I did notice (I meant to point out) that I have concerns about this part of the new uniqueness check code: " if (P_IGNORE(topaque) || !P_ISLEAF(topaque)) break; "
My concern here is with the !P_ISLEAF(topaque) test -- it shouldn't be required
I agree. But I didn't see the need to check uniqueness constraints violations in internal pages. Furthermore, it doesn't mean only a violation of constraint, but a major index corruption. I agree that checking and reporting this type of corruption separately is a possible thing.
Separately, I dislike the way the target block changes within bt_target_page_check(). The general idea behind verify_nbtree.c's target block is that every block becomes the target exactly once, in a clearly defined place. All corruption (in the index structure itself) is formally considered to be a problem with that particular target block.
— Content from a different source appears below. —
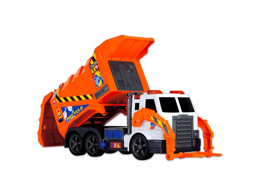 Tisztítsd meg a várost a narancssárga kukásautóval! Az autó jó minőségű műanyagból. Nyomd meg az oldalán lévő kék gombokat és máris életre kell! Az oldalán lévő kis kék kar lenyomásával a kukásautó motorja könnyedén beemeli a szemetes konténerek és beönti a tartalmát rakterébe. A hátsó kis karral pedig a raktér ajtaját nyithatod ki. A kukásautó mérete: 19 x 41 x 14 cm.

I want to be able to clearly distinguish between the target and target's right sibling here, to explain my concerns, but they're kinda both the target, so that's a lot harder than it should be. (Admittedly directly blaming the target block has always been a little bit arbitrary, at least in certain cases, but even there it provides structure that makes things much easier to describe unambiguously.)
The possible way to load the target block only once is to get rid of the cross-page uniqueness violation check. I introduced it to catch more possible cases of uniqueness violations. Though they are expected to be extremely rare, and anyway the algorithm doesn't get any warranty, just does its best to catch what is possible. I don't object to this change.